Flora się roześmiała.
– Przypuszczam, że tak szczęśliwa jak inni. Ale jak to powtarza mój ojciec: „Życie to nie bajka”.
– Mhm. Cóż… O ile dobrze cię rozumiem, nie jesteś pewna, czy tęsknisz za nim samym, czy za tak zwanymi intymnymi relacjami, w którym to przypadku twój wybór powinien wydawać się oczywisty.
Flora rozsiada się w swoim fotelu, żałując swojego wybuchu.
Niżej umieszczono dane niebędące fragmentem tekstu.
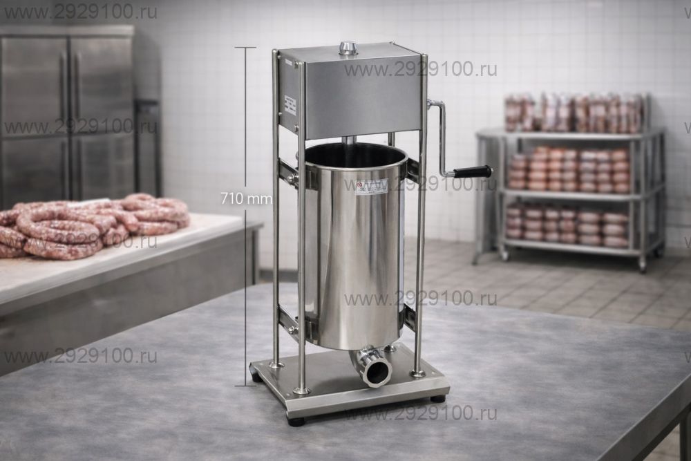 - Тип: вертикальный колбасный шприц - Объём бункера: 15 л — подходит для средних и крупных партий - Диаметр цилиндра: 219 мм - Длина цилиндра: 400 мм - Материал корпуса и бункера: пищевая нержавеющая сталь - Система выдавливания: быстрый возврат поршня в исходное положение - Скорости хода поршня: 2 - Насадки в комплекте: 4 шт. из нержавеющей стали (Ø 15 / 18 / 25 / 38 мм) - Дополнительно: запасной силиконовый уплотнитель - Назначение: колбасы, сосиски, мясные и фаршированные изделия - Область применения: колбасные цеха, рестораны, столовые, гостиницы, домашнее производство Характеристики Шприц колбасный Perfex SV-15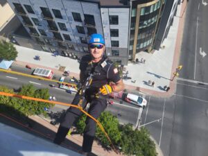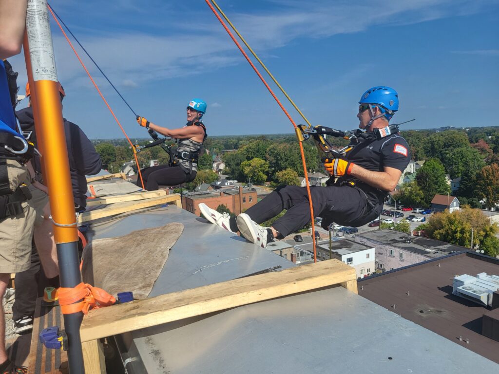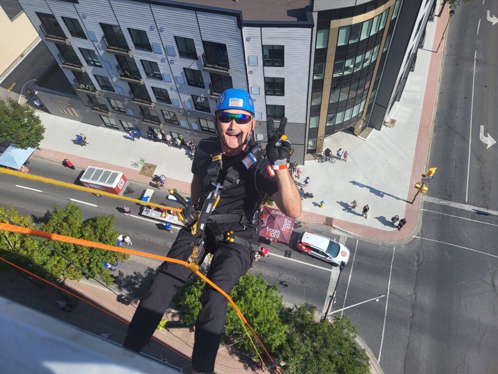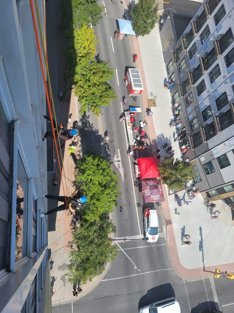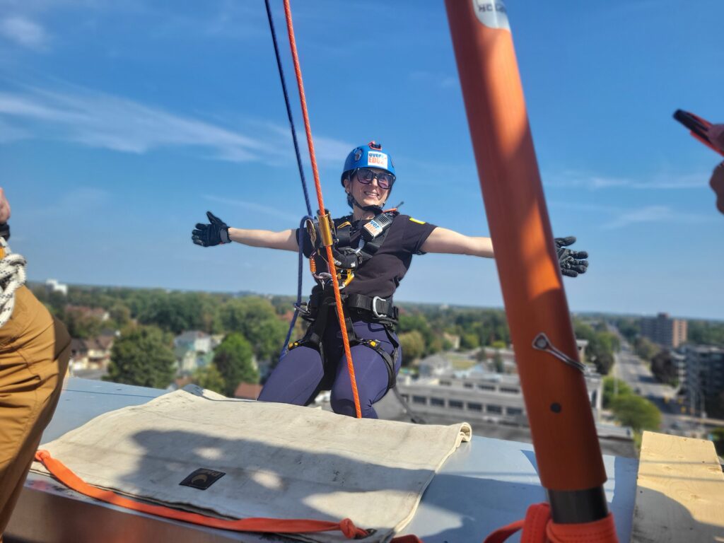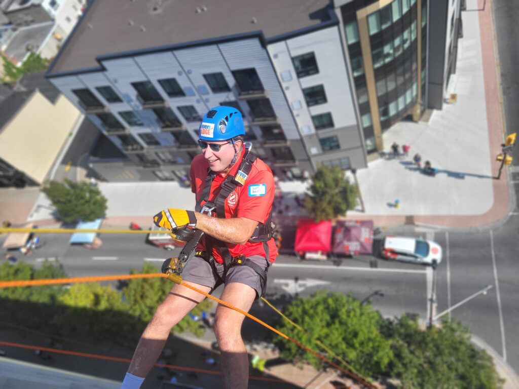 “Going over the edge was the scariest part, no pun intended,” Boileau added, “Once my feet settled onto the side of the building, I felt comfortable and took in the view. The rest of the rappel experience was a piece of cake. I would 100% do it again.”

– Wcale tak nie powiedziałam!
– Nie? Jak zawsze mi to powtarzasz, jesteś naukowcem. W takim razie jako naukowiec przeprowadź eksperyment.
– Jaki eksperyment?
– Spróbuj odpowiedzieć na pytanie: mężczyzna… czy samo zbliżenie? Nie możesz być teraz z tym mężczyzną, ale… – Unosi brew.
Flora wybucha śmiechem.
– To logiczne, prawda?
– Nie! To nie jest logiczne! To jest… okropne. Jesteś okropna.
– Chcę tylko zauważyć, że po pierwsze, jego uczucia są jeszcze większą zagadką niż twoje. A co istotniejsze, ty jesteś tutaj, a on w Nowym Jorku. Ogromna masa wody oddziela te dwa miejsca, przynajmniej tak mi się wydaje według mojej ograniczonej wiedzy.
Flora przygląda się pustej szklance.
– Może jednak jeszcze się napiję… Nie, sama sobie naleję.
– Nonsens, daj mi to… – Iris idzie na koniec pokoju. – Widziałaś się jeszcze z panem Levinsonem?
– Pracuje przy konserwacji mumii, więc widuję go oczywiście w muzeum. À propos czego to pytanie?
– Niczego, moja droga.
Iris podaje Florze nowego drinka. Kiedy to robi, koronkowy mankiet jej rękawa zsuwa się i ukazuje kościsty biały nadgarstek z ciemnymi plamami.
– Chwilę temu skarżyłaś się, że brak ci doświadczenia. Doświadczenie należy zdobyć. Mogę podsunąć ci kilka pomysłów, jeśli brakuje ci własnych. Na przykład Lionel, od zawsze ma słabość do ciebie.
– Och, Boże! – Flora niemal się zakrztusiła. – Ile on ma lat?
– Trzydzieści dziewięć, a to, pozwolę sobie zauważyć, nie jest…
– Twierdzi, że ma tyle lat – mówi z przekąsem Flora. – I pudruje policzki.
Iris unosi brew, jakby była już naprawdę u kresu wytrzymałości.
– To tylko sugestia, a według pewnego źródła Lionel wie, jak zaspokoić kobietę. Chyba nie chcesz jakiegoś młodego chłopaka, który nie ma pojęcia na temat kobiecego ciała. Widzę, że czasami jesteś nieuprzejma, Floro. To wina młodości.
Flora patrzy na nią sfrustrowana.
– Cóż, a ja widzę, że znów masz sińce na nadgarstkach, i to też à propos niczego.